Hello,

This answers some of my own questions.

It seems the mirred and ifb combination is indeed what reduces performance
in my case. All optimizations made to fq_codel didn't help with ingress.

A simple fq_police would be a better solution for ingress than cake or
fq_codel.


On Sat, Feb 16, 2019 at 11:35 AM Adrian Popescu <adriannnpopescu@gmail.com>
wrote:

> Hello,
>
> On Fri, Feb 15, 2019 at 10:45 PM Dave Taht <dave.taht@gmail.com> wrote:
>
>> I still regard inbound shaping as our biggest deployment problem,
>> especially on cheap hardware.
>>
>> Some days I want to go back to revisiting the ideas in the "bobbie"
>> shaper, other days...
>>
>> In terms of speeding up cake:
>>
>> * At higher speeds (e.g. > 200mbit) cake tends to bottleneck on a
>> single cpu, in softirq. A lwn article just went by about a proposed
>> set of improvements for that:
>> https://lwn.net/SubscriberLink/779738/771e8f7050c26ade/
>
> Will this help devices with a single core CPU?
>
>
>>
>>
>> * Hardware multiqueue is more and more common (APU2 has 4). FQ_codel
>> is inherently parallel and could take advantage of hardware
>> multiqueue, if there was a better way to express it.
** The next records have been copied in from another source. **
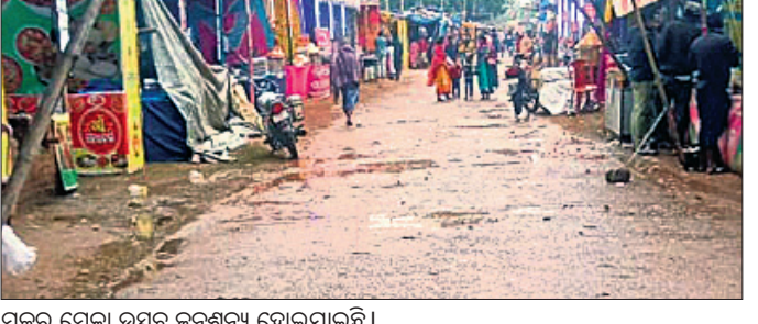
ମକର ମେଳା ଉତ୍ସବ ଜନଶୂନ୍ୟ ହୋଇଯାଇଛି।

ପାଟଣା, ୨୪।୧ (ବୀର କିଶୋର ଦାଶ) କେନ୍ଦୁଝର ଜିଲ୍ଲା ପାଟଣା ଓ ସାହାରପଡ଼ା ବ୍ଲକ୍ ଅଞ୍ଚଳରେ ମଙ୍ଗଳବାର ରାତିରୁ ଝିପି ଝିପି ବର୍ଷା, ସାଙ୍ଗକୁ କୋହଲା ପାଗ ଲାଗି ରହିଛି। କେବଳ ପାଟଣା ବ୍ଲକ୍ରେ ଗତ ୨୪ଘଣ୍ଟାରେ ୨୭.୬ମିଲି ମିଟର ବୃଷ୍ଟିପାତ ହୋଇଥିବା ପାଣିପାଗ ବିଭାଗ ପକ୍ଷରୁ ରେକର୍ଡ କରାଯାଇଛି। ବୁଧବାର ପାଟଣା ସାମୁଦ୍ରିକ ହାତ, ବଜାର, ସାହାରପଡ଼ା ଓ ଚୁରୁକୁଳା ବଜାର, ବସଷ୍ଟା, ସର୍ବ ସାଧାରଣ ସ୍ଥଳ ଖାଁ ଖାଁ ଲାଗୁଥିଲା। ବର୍ଷା ଯୋଗୁ ଧାନମଣ୍ଡିଗୁଡ଼ିକରେ ଥିବା ଧାନକୁ ଚାଷୀ ପାଇଁ ଯୋଡ଼ାଇ ରଖିଛନ୍ତି।
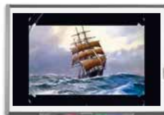
Document 8 : une musique
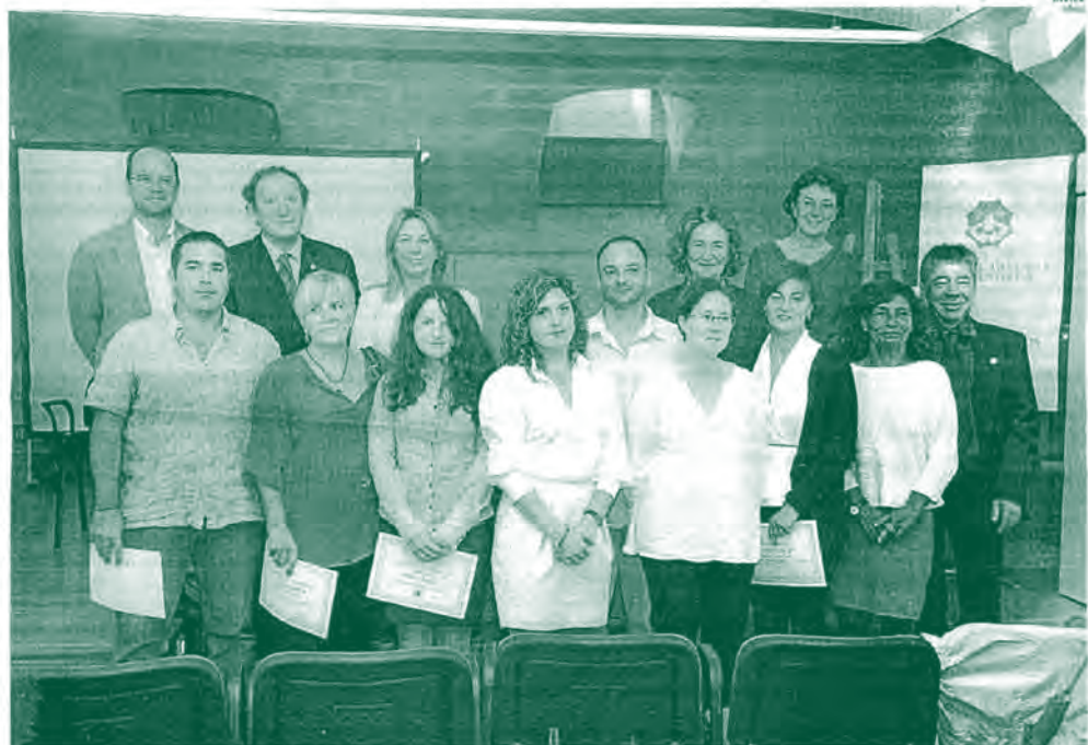
SEDE DEL IME. En el transcurso del acto inaugural de la UNED se hizo entrega a nueve titulados de su diploma como graduados

El estudiante que se incorpora a la UNED tiene unos perfiles muy bien definidos. Procede principalmente del curso de acceso a la universidad para mayores de 25 años, se traga de personas que abandonaron sus estudios de Secundaria y ahora desean progresar en el trabajo o encontrar uno de nuevo de mayor calificación. También es significativo el grupo de personas que se incorporan con estudios universitarios iniciados, incluso finalizados, que encuentran en la UNED la posibilidad de compaginar esta

What happens
>> nowadays is you get the "mq" scheduler with 4 fq_codel instances, when
>> running at line rate, but I tend to think with 64 hardware queues,
>> increasingly common in the >10GigE, having 64k fq_codel queues is
>> excessive. I'd love it if there was a way to have there be a divisor
>> in the mq -> subqdisc code so that we would have, oh, 32 queues per hw
>> queue in this case.
>>
>> Worse, there's no way to attach a global shaped instance to that
>> hardware, e.g. in cake, which forces all those hardware queues (even
>> across cpus) into one. The ingress mirred code, here, is also a
>> problem. a "cake-mq" seemed feasible (basically you just turn the
>> shaper tracking into an atomic operation in three places), but the
>> overlying qdisc architecture for sch_mq -> subqdiscs has to be
>> extended or bypassed, somehow. (there's no way for sch_mq to
>> automagically pass sub-qdisc options to the next qdisc, and there's no
>> reason to have sch_mq
>>
>
> The problem I deal with is performance on even lower end hardware with a
> single queue. My experience with mq has been limited.
>
>
>>
>> * I really liked the ingress "skb list" rework, but I'm not sure how
>> to get that from A to B.
>>
>
> What was this skb list rework? Is there a patch somewhere?
>
>
>>
>> * and I have a long standing dream of being able to kill off mirred
>> entirely and just be able to write
>>
>> tc qdisc add dev eth0 ingress cake bandwidth X
>>
>
> Ingress on its own seems to be a performance hit. Do you think this would
> reduce the performance hit?
>
>
>>
>> *  native codel is 32 bit, cake is 64 bit. I
>>
>
> Was there something else you forgot to write here?
>
>
>>
>> * hashing three times as cake does is expensive. Getting a partial
>> hash and combining it into a final would be faster.
>>
>
> Could you elaborate how this would look, please? I've read the code a
> while ago. It might be that I didn't figure out all the places where
> hashing is done.
>
>
>>
>> * 8 way set associative is slower than 4 way and almost
>> indistinguishable from 8. Even direct mapping
>>
>
> This should be easy to address by changing the 8 ways to to 4. Was there
> something else you wanted to write here?
>
>
>>
>> * The cake blue code is rarely triggered and inline
>>
>> I really did want cake to be faster than htb+fq_codel, I started a
>> project to basically ressurrect "early cake" - which WAS 40% faster
>> than htb+fq_codel and add in the idea *only* of an atomic builtin
>> hw-mq shaper a while back, but haven't got back to it.
>>
>> https://github.com/dtaht/fq_codel_fast
>>
>> with everything I ripped out in that it was about 5% less cpu to start
>> with.
>>
>
> Perhaps further improvements made to the codel_vars struct will also help
> fq_codel_fast. Do you think this could be improved further?
>
> A cake_fast might be worth a shot.
>
>
>>
>> I can't tell you how many times I've looked over
>>
>> https://elixir.bootlin.com/linux/latest/source/net/sched/sch_mqprio.c
>>
>> hoping that enlightment would strike and there was a clean way to get
>> rid of that layer of abstraction.
>>
>> But coming up with how to run more stuff in parallel was beyond my
>> rcu-foo.
>>
>